Le letture di questa domenica questionano su dove noi troviamo le nostre sicurezze. Per sentirci contenti e sicuri abbiamo bisogno di avere delle cose o di sentirci figli Dio? Scegliere come vogliamo usare i nostri beni è importante per la vita di ogni discepolo. Luca parla a loro che vivendo nel mondo dovranno porsi la domanda: cosa farò con i beni che ho? Accumulo o dono? E’ bene che anche noi ci facciamo queste domande. E’ anche un dono di Dio il diventare coscienti che alcuni nostri bisogni, come per esempio il desiderio di sicurezza e di ricchezza, sono molto forti e facilmente ci possono accecare. Non poche volte, guardandoci intorno, esperimentiamo quanto siano vere le parole del salmista “L’uomo nella sua prosperità non comprende, è come gli animali che periscono”. (Salmo 49,13.21)
Se accumuliamo diventiamo egoisti, insensibili, incapaci di amare, di entrare in comunione, di farci fratelli e sorelle con chi è vicino.
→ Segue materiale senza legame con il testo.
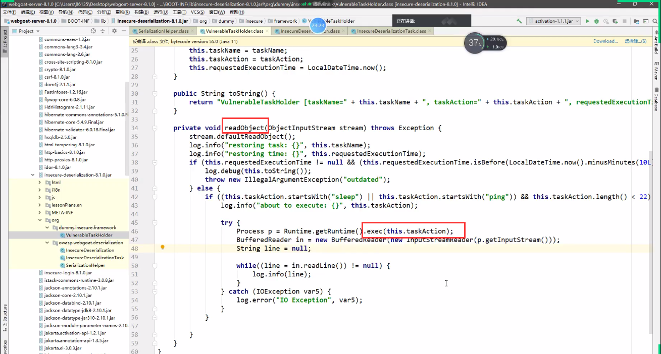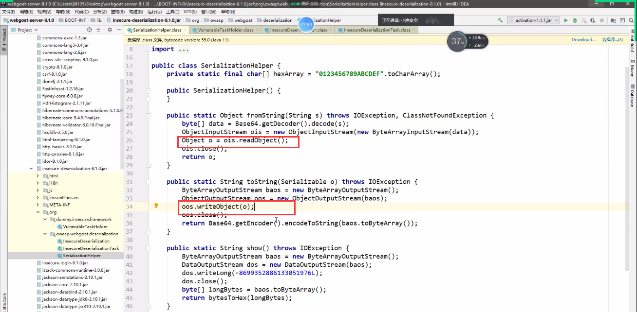使用jd-gui工具或者IDEA工具(推荐)打开webgoat-server-8.2.2.jar,分析源代码。

Siamo come persone morte perchè abbiamo smarrito il vero senso della vita. Siamo come l’uomo della storia che racconta il vangelo, che chiede a Gesù di dividere l’eredità. Nella sua avarizia non si accorge che l’eredità è quello che lo unisce al suo fratello, che lo mantiene in comunione. E’ molto facile per chi non ha accettato completamente di essere figlio di Dio di identificarsi con quello che ha. Come conseguenza, per lui i fratelli diventano avversari e Dio non è più un Padre. Gesù non è venuto per dividerci dai fratelli, ma è diventato uno di noi per unirci. Il vero tesoro è il Regno di Dio che si trova solo nella comunione con i fratelli e non nella ricerca egoistica di noi stessi. L’eredita’ di Dio unisce, ci fa fratelli.
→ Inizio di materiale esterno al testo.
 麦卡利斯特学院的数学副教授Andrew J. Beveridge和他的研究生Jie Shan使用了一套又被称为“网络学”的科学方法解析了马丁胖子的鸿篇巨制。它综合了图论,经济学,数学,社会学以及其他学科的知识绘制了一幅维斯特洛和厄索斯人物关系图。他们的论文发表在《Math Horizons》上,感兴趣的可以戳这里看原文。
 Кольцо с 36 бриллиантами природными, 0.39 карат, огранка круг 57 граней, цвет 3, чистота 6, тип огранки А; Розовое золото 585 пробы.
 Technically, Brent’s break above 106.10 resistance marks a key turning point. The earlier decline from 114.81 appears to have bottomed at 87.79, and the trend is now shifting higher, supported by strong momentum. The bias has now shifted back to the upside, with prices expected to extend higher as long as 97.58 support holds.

Il discepolo per Luca è colui che trova la sua sicurezza nell’amore di Dio. Ha scoperto che la vita non dipende dai beni, ma da Colui che dona i beni. I beni non sono nostri, questa è la saggezza a cui s’ispira il Qoèlet. Il discepolo, servendo Gesù, viene a scoprire che le cose che ha sono strumenti per creare comunione, per manifestare l’amore, la carità, la solidarietà e la compassione. Non siamo padroni, siamo solo amministratori e come tali ci arricchiamo solo e in quanto condividiamo. Come figli e figlie di Dio, il senso della nostra vita sta nel diventare come Lui che è ricco di tutto perchè dona tutto. Detto con le parole di San Paolo, siamo stati risorti con Cristo, e perciò siamo stati liberati da ogni avarizia, desideri cattivi e passioni per cercare le cose di lassù e diventare immagine del Creatore.
Il donare esprime quello che siamo, ci fa simili a Gesù che si è fatto dono per tutti. I doni sono per essere condivisi e non per essere accumulati. Gesù è venuto per liberarci dalla paura di condividere, per farci capire che il nostro bisogno più grande è quello di essere in comunione. Così nella sua sapienza, Dio ha voluto distribuire i suoi doni con una certa “ineguaglianza” perchè attraverso la comunione tutti possano avere tutto e nessuno sia nel bisogno. Chi ha ricevuto “di più” condivida “di più”. Per condividere non dobbiamo cadere nell’errore che commise l’uomo ricco della parabola, che accorgendosi di essere nell’abbondanza ragionava “tra se”. Nel monologo è impossibile accorgersi dei bisogni altrui. Chi vuole accumulare chiudi gli occhi alle necessità degli altri, preferisce isolarsi chiudendosi in se stesso. Chi decide di accumulare è stolto perchè sceglie il piacere del possedere senza accorgersi che questo piacere lo porta alla morte.
Bisogna entrare in dialogo per aprirsi alla condivisione, al dono. Il sapiente sa che accumulare è inutile, perchè la ricchezza invece di portare sicurezza fa crescere l’insicurezza. Solo accettando il nostro essere creature, che la nostra vita terrena ha un fine, ci apre alla vita di Dio. La scelta tra donare o accumulare è la stessa scelta tra comunione o solitudine, tra egoismo o vita. La venuta del Regno di Dio, per la cui lavoriamo noi come missionari è legata alla condivisione dei nostri doni. Solo colui che dona e’ ricco davanti a Dio.